Full Title: Mapping Syntax - Universals, Variation, Acquisition, and Change 
Short Title: MS2022 

Date: 16-Nov-2022 - 18-Nov-2022
Location: Oxford, United Kingdom 
Contact Person: Sam Wolfe
Meeting Email: sam.wolfe at mod-langs.ox.ac.uk
Web Site: https://www.ling-phil.ox.ac.uk/mapping-syntax 

Linguistic Field(s): General Linguistics; Historical Linguistics; Language Acquisition; Syntax; Typology 

Call Deadline: 29-Aug-2022 

Meeting Description:

This year marks 25 years since the publication of Luigi Rizzi’s (1997) ‘The
Fine Structure of the Left Periphery’, one of the foundational works of the
cartographic enterprise (cf. i.a. also Belletti 1990, Cardinaletti 1997, and
Cinque 1999), a research programme which has had a profound and enduring
influence on linguistic research regarding language universals, variation,
acquisition, and change (see Cinque and Rizzi 2009 and Shlonsky 2010 for
recent overviews).

To mark the 25th anniversary of Rizzi (1997), a workshop will take place in
Oxford from the 16th to 18th of November. The aims of the workshop are to
consider the major achievements of the cartographic enterprise over the last
three decades and to provide a forum for presenting novel research which
showcases the enduring potential of cartography in the decades to come.

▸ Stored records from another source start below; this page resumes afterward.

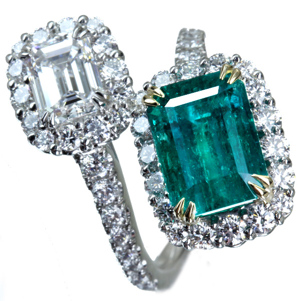 こちらの美しいエメラルドのジュエリーに使用した素材は、3ctアップの最高品質のエメラルド、そして、1ctアップの最高品質のダイヤモンド。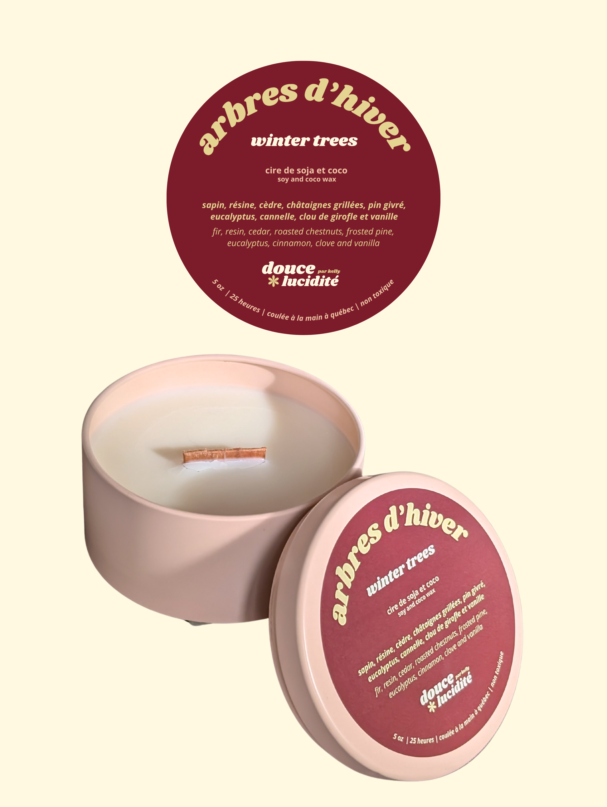 Cire 100% végétale de soya, coco et candelilla avec une large mèche en bois crépitante. Sans cruauté.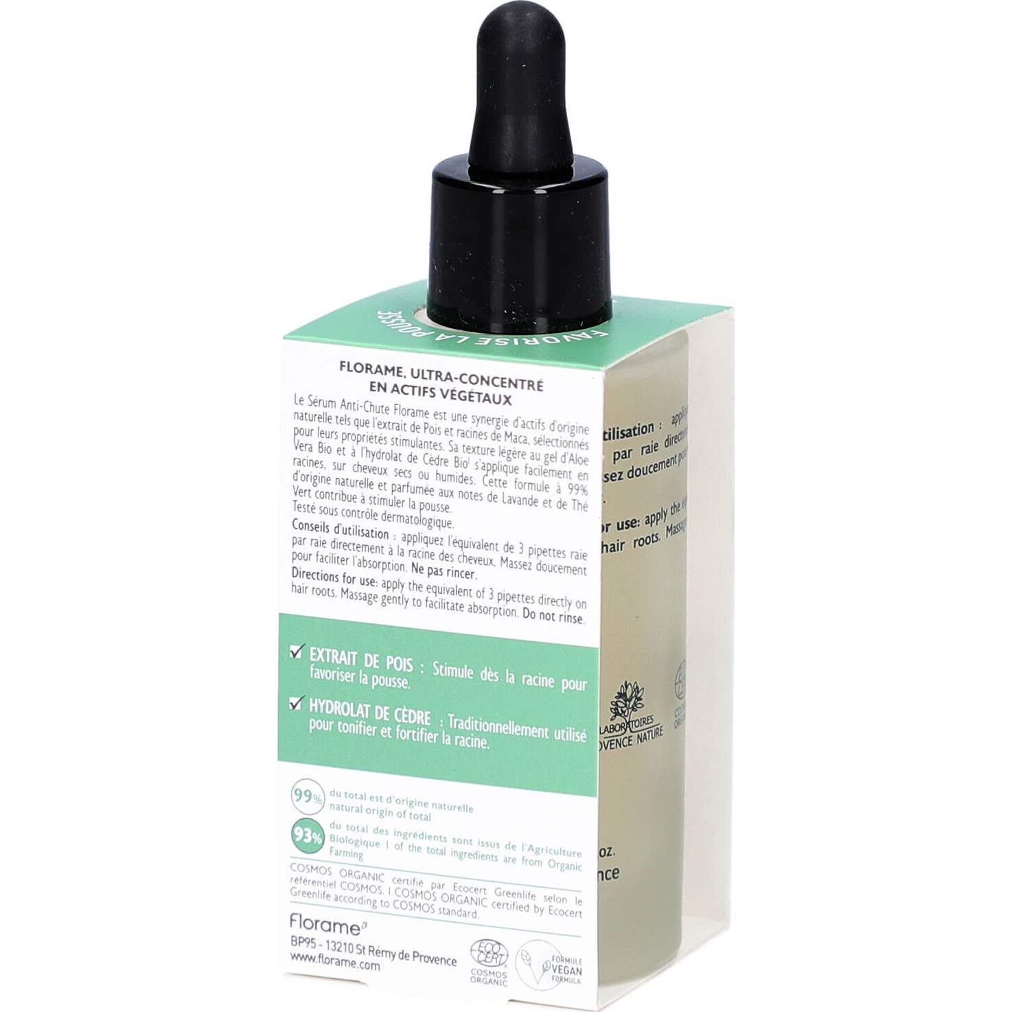 Florame Sérum Antichute 50 ml est un traitement conçu pour aider à réduire la perte de cheveux et stimuler leur croissance. Sa formule innovante combine extrait de pois et racines de maca, deux ingrédients végétaux connus pour leurs propriétés fortifiantes.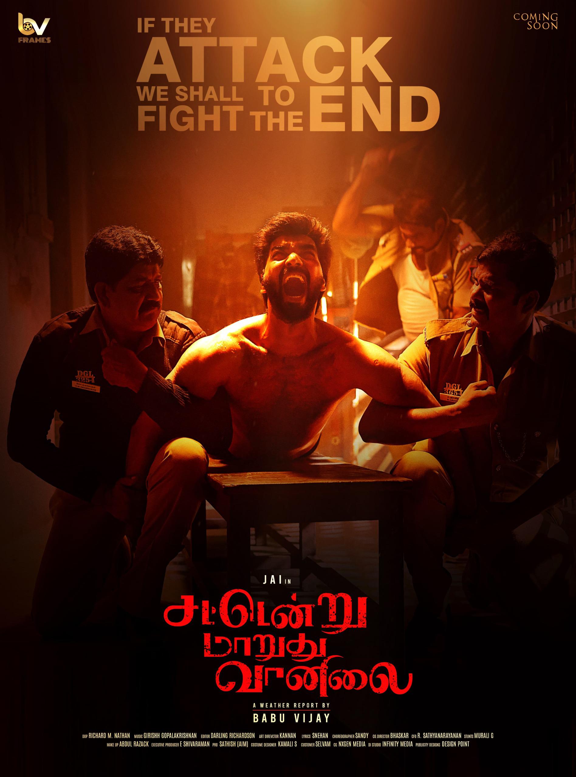 The first look of the romantic thriller “Sattendru Marudhu Vaanilai” starring Jai, produced by BV Frames and directed by Babu Vijay, has been released!!

The workshop will have keynote talks from the following invited speakers:

Professor Adriana Belletti (University of Siena)
Professor Cristiano Chesi (IUSS Pavia)
Professor Gugliemo Cinque (University Ca’ Foscari Venice)
Professor Naama Friedmann (University of Tel Aviv)
Professor Cecilia Poletto (Goethe University Frankfurt am Main, University of
Padua)
Professor Luigi Rizzi (Collège de France)
Professor Fuzhen Si (Beijing Language and Culture University)


Call for Papers:

Thirty-minute presentations are welcome on any area of cartography,
particularly those with 'big picture' cross-linguistic implications. The
workshop will focus in particular on:

* Cartographic achievements and challenges. What are the principal empirical,
theoretical, and methodological advances in cartography over the past three
decades and what do these tell us about how language is structured in the
human mind? Where does the cartographic enterprise make demonstrably distinct
predictions from core functional category-oriented Minimalism (e.g. Chomsky
2000) and when have these predictions been confirmed or proven false by the
data? How can the potentially very rich inventory of features and
corresponding projections posited in most cartographic approaches (e.g. Kayne
2005) be reconciled with the central role of economy constraints assumed
within Minimalism since Chomsky (1995)? Are cartography and Minimalism
genuinely complementary approaches (Cinque & Rizzi 2009) or do the two
approaches ultimately rest - to a degree or in their entirety - on
incompatible assumptions regarding the structure of the Faculty of Language?

* New Empirical Domains. Though some early cartographic research drew on data
from non-Indo-European languages (Cinque 1999; Speas & Tenny 2003; Aboh 2004),
do analyses of familiar phenomena from Indo-European languages require
rethinking when confronted with data from elsewhere? Looking specifically at
seminal cartographic maps of the left periphery (Rizzi 1997; Rizzi 2001; Rizzi
2010; Benincà & Poletto 2004), the Tense-Aspect-Mood field (Cinque 1999;
Cinque 2006), the vP domain (Belletti 2001; Belletti 2004; Belletti 2006), and
the extended nominal expression (Giusti 1996; Giusti 2006), do we find that
particular domains require more extensive revision than others when faced with
data from grammars showing major typological distinctions (i.e. Pearce 1999;
Huang, Li & Li 2009; Collins 2019)? Do such systems in fact require us to
weaken central cartographic assumptions about the universal hierarchy of
projections which form the clausal spine (Wiltschko 2014)?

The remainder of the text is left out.